The Enlightenment of age

women, letters and growing old in eighteenth-century France

Author: Joan Hinde Stewart

Volume: 2010:09

Series: SVEC

Publication Date: 2010

Pages: 294

ISBN: 978-0-7294-1001-4

Price: £65


About

‘Women seem to be destined solely for our pleasure. When they no longer have that attraction, they have lost everything’ (letter from Diderot to Sophie Volland, 1762). How typical was this view of the ‘older woman’ in the eighteenth century? What was it like for women of intelligence and sensibility to grow old in such a culture?

By studying the correspondences of four prominent women (Françoise de Graffigny, Marie Du Deffand, Marie Riccoboni and Isabelle de Charrière) during their middle and late years, Stewart explores the relation of female aging to respectability, sexuality and power. The author’s focus lies in the physical, emotional and professional well-being of middle-aged and elderly women during a time when all the available dignity of age seemed to belong to men. The ‘repulsiveness’ of growing old was patently a female issue.

One of the most emblematic aspects of these correspondences is the often unrequited love of older women for younger men during a period when the common wisdom denied women the right to any feelings except piety. Stewart juxtaposes their letters with representations of aging women in the period’s fictional and medical literature. She takes up several canonical, mostly male-authored, texts that purvey this common wisdom, and re-reads them with originality and grace.

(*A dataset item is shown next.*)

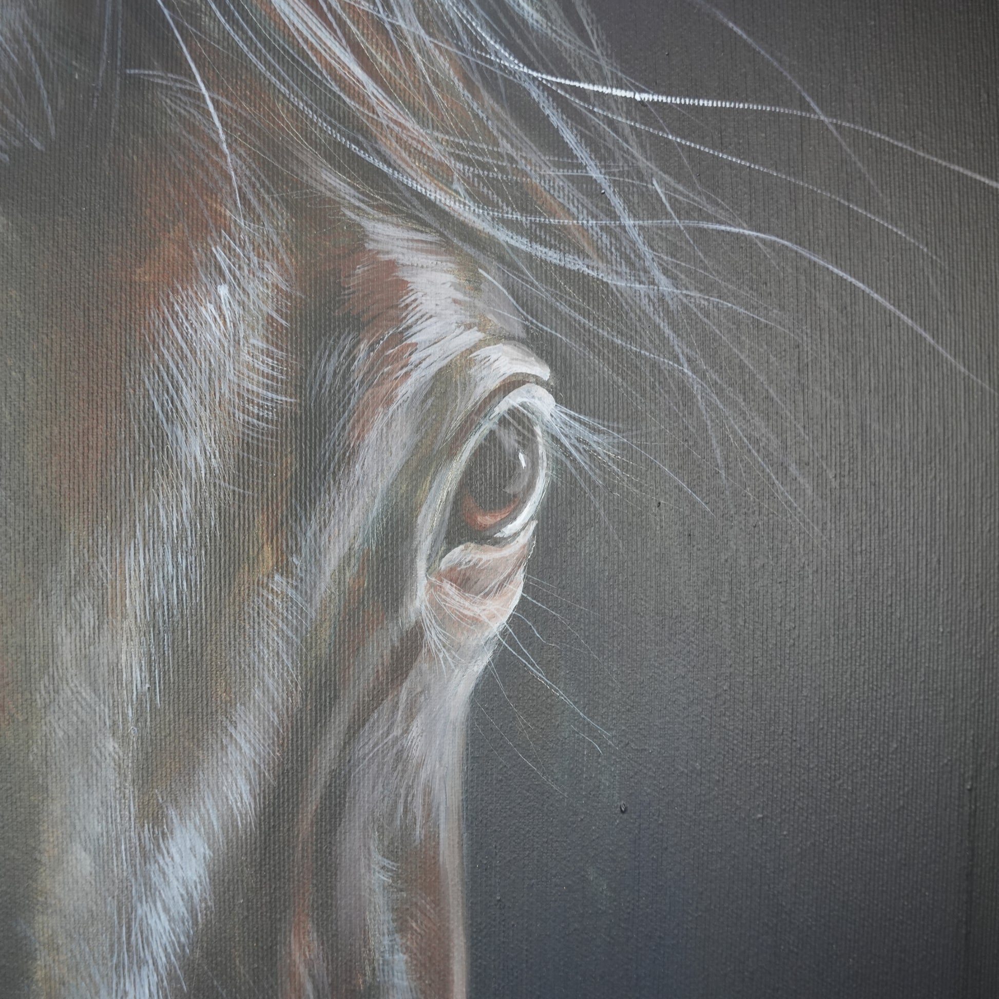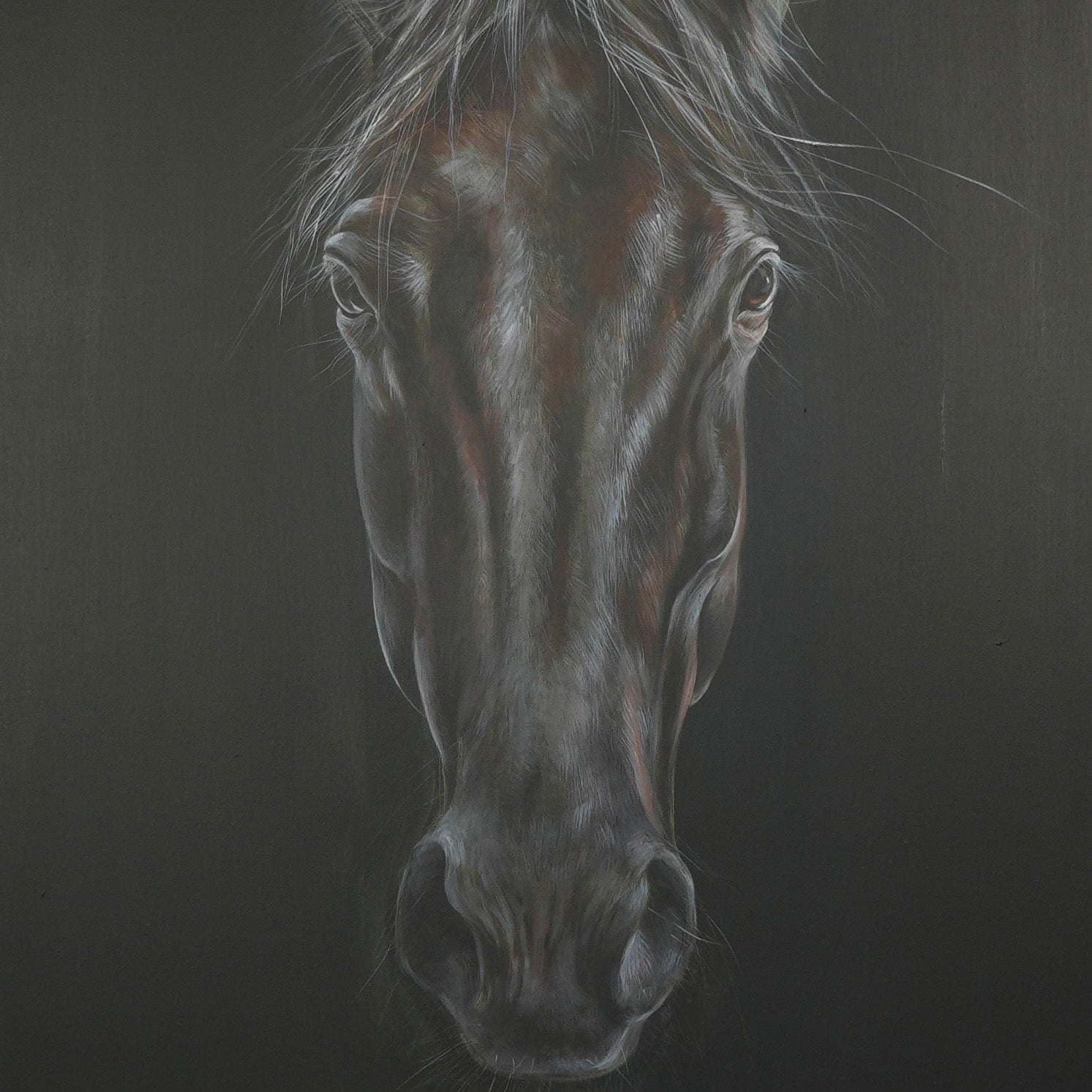 Dieses eindrucksvolle Pferdeporträt besticht durch seine intensive Präsenz und die stille Kraft des Blicks. Vor einem tiefdunklen, nahezu schwarzen Hintergrund tritt der Pferdekopf wie aus dem Schatten hervor – fein modelliert mit sanften Lichtreflexen, die Stirn, Nüstern und die seidige Mähne plastisch hervorheben. Die reduzierte Farbpalette und die präzise Ausarbeitung der Details lassen das Motiv besonders lebendig wirken: jede Strähne, jede Kontur und der ruhige Ausdruck erzählen von Würde, Sensibilität und Stärke.

Through The Enlightenment of age – at once learned, highly personal and entertaining – Stewart speaks to us about the secret lives of older women, and about the ethos of an era.

Joan DeJean, Foreword
Introduction
1. A prescription for eternity
2. Old fairies
3. Menopause and morals
4. Fifteen minutes to fifty
5. What time is it?
6. Romancing Marie
7. Addressing her age
8. Portrait of the artist as an old lady
9. Generations
10. Word salad
Conclusion
Bibliography
Index

Reviews

French Review

Using vivid prose and a distinct sense of humour, Stewart deftly maneuvers between fictional and real portraits of older women while in the processs offering engaging analyses not only of the correspondences but also of novels such as Le paysan parvenu by Marivaux, Liaisons dangereuses by Laclos, and the letters exchanged by the latter and Riccoboni.

MLN

The result of long-lasting research efforts and meticulous close readings, Joan Hinde Stewart’s monograph is devoted to the exploration of the fate of aging and elderly women in eighteenth-century France, focusing on the section of society that should, according to the perception at the time, leave said society’s limelight once their prime begins its decline.

French Studies

‘[Stewart] pursues her argument with a lightness of touch that makes this book both enjoyable and instructive. Indeed, the title of the book and a number of the chapter titles – ‘Fifteen Minutes to Fifty’, ‘What Time Is It?’, ‘Word Salad’- reflect a witticism of style that is pleasing to find in an academic study of such breadth and depth.’